I just wanted to let you know I just licked gravy off of my boobs. Just putting that out there.
In case you were wondering, my scare crow is wearing your outfit from last night.
I bet. I bought a surfboard and a kite and filled my camelback with vodka-tonics. Let's do this
Currently trying to figure out if the guy has a cane next to me or brought a weird dildo to the bar
This is the only time in your life where finding a half eaten lime and pair of florescent pink underwear that wasn't yours means that it was a good night
I gave him head in my cape. On the kitchen floor. Watching a show about bacon.
Would it be weird to tell him that on his b'day he's dressing up and we're having weird Jesus sex?
I just remembered you petting my nose last night to help the cocaine 'sink in'. I don't think that's how it works
I just did a shot of Jameson and two shots of cuervo. Note: this is the moment things went down hill
I only wore my thong with cheeseburgers on it because I thought we'd have sex. So I basically wasted my best thong for nothing.
Does anyone remember last night?
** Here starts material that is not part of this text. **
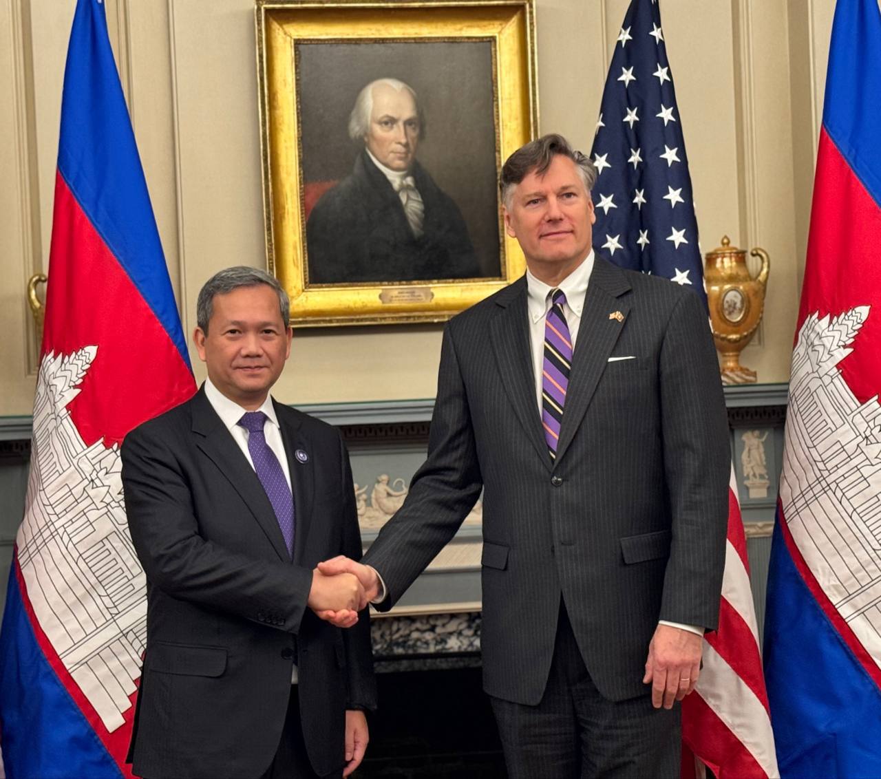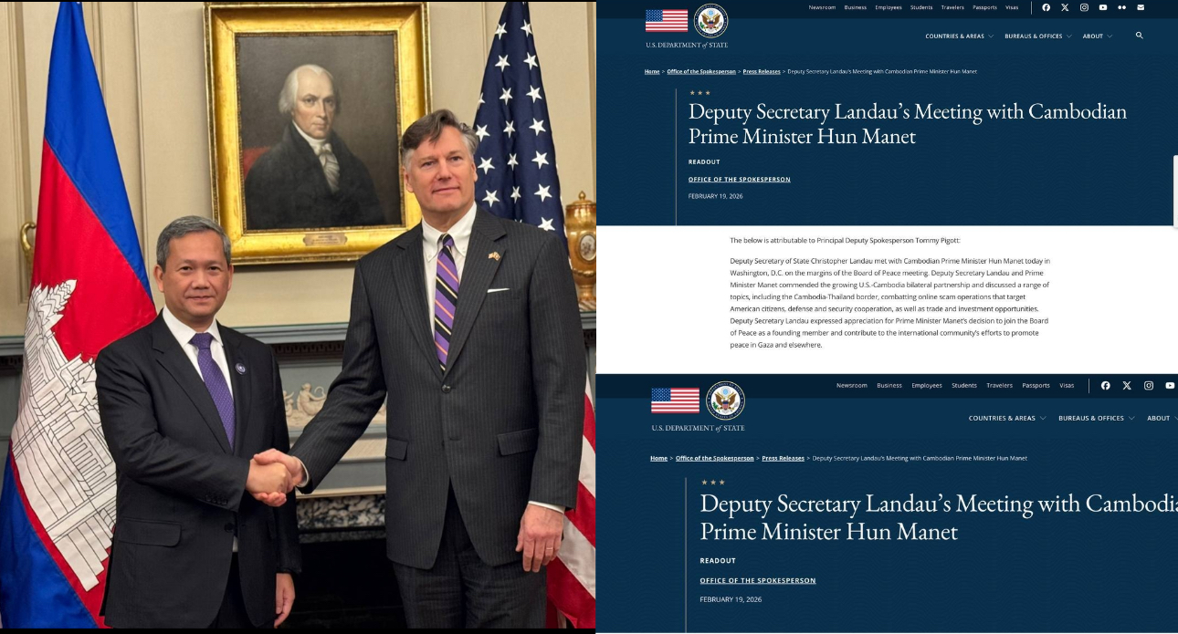Home » អនុរដ្ឋលេខាធិការ លោក Christopher Landau បានជួបជាមួយសម្តេចធិបតី ហ៊ុន ម៉ាណែត នាយករដ្ឋមន្ត្រីកម្ពុជា នៅថ្ងៃនេះ នៅរដ្ឋធានីវ៉ាស៊ីនតោន ឌីស៊ី ស្តីពីការរៀបចំកិច្ចប្រជុំក្រុមប្រឹក្សាភិបាលសន្តិភាព

Because I still don't know why I now own a goldfish and a ceiling fan made of pizza?
I hope I didn’t eat too many edibles just now. I got shit to do today. Like make Jell-O shots and take a shower.
Just saw 4 of my students at Denny's at 4am on a Tuesday. We all pretended not to see each other, as we are all clearly tipsy and/or stoned. Class is in less than 4 hours. Either i'm getting too old for this shit or they're starting on the road to crazy-town much earlier these days.
Stop letting me drink alone on saturdays. My last 2 google searches were "short legs" and "caterpillar eyebrows" ? I don't even know.
We live walking distance from the coors factory. no, we do not have a dry week.